Descendiente de una familia de vascos, “Chicho” – tal como lo conocían en Chile desde pequeño – nació en Valparaíso el 26 de junio de 1908. Finalizó sus estudios secundarios en 1924 y, tras realizar el servicio militar, ingresó a la Universidad de Chile, donde se recibió de médico. En 1929 se inició en la política y llegó a ser vicepresidente de la Federación de Estudiantes de Chile. En 1933, Allende participó en la fundación del Partido Socialista de Chile, en el que se mantuvo durante toda su vida. Dos años después, ingresó a la masonería, siguiendo los pasos de su abuelo y su padre. Fue sucesivamente Diputado, Ministro de Salud del gobierno de Pedro Aguirre Cerda y Senador desde 1945 hasta 1970, ejerciendo la presidencia de dicha cámara del Congreso entre 1966 y 1969.

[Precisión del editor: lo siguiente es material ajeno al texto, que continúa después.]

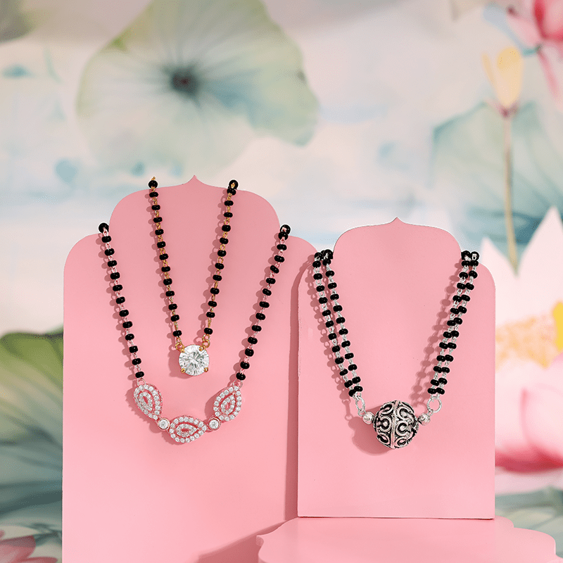 When choosing between gold and 925 silver for your Mangal Sutra, gold remains the most traditional and widely used metal. 925 Silver, known for its luxurious finish and durability, has gained popularity in recent years. Gold pairs beautifully with diamonds and gemstones, offering a modern, stylish look. Both metals have their unique appeal—gold is classic and timeless, while silver offers superior strength and a contemporary feel. Consider your personal style, budget, and long-term durability when making your choice.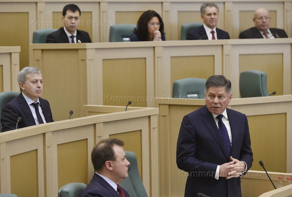 Председатель Верховного Суда России Вячеслав Лебедев (в центре) во время пленарного Совета Федерации.

Fue candidato a presidente en cuatro oportunidades. En las elecciones de 1952 obtuvo un magro resultado (5,4 por ciento de los votos). En 1958 alcanzó la segunda mayoría relativa (28,5 por ciento) tras el derechista Jorge Alessandri. En 1964 obtuvo un 38 por ciento de los votos, que no le permitieron superar a Eduardo Frei Montalva. Finalmente, en los comicios del 4 de setiembre de 1970, en una reñida elección entre tres candidatos, obtuvo la primera mayoría relativa de un 36,6 por ciento de los votos.
Allende resulta, pues, y sobre todo, un humanista, un "caballero" de la política, ejemplo del que muchos de nuestros gobernantes, esos que se llaman a sí mismos “progresistas”, debieran imitar en cuestiones de apego a la legalidad y a la construcción de consensos y procesos democratizadores. Como acabo de leer en una nota de un diario chileno, poco antes de su trágico final se dirigió por última vez al pueblo a través de Radio Magallanes, la única emisora que no estaba en manos de los sublevados. Su voz era tan pausada y firme, sus palabras tan precisas y proféticas, que esa despedida no pareció el postrer aliento de un hombre que iba a morir, sino el saludo digno de quien entraba para siempre en la historia. Desde aquí lo recordamos y esperamos que, cada vez más, y como dice el poeta, en momentos de especiales circunstancias en la patria de los argentinos, “descienda a nuestra ciudad su ejemplo”.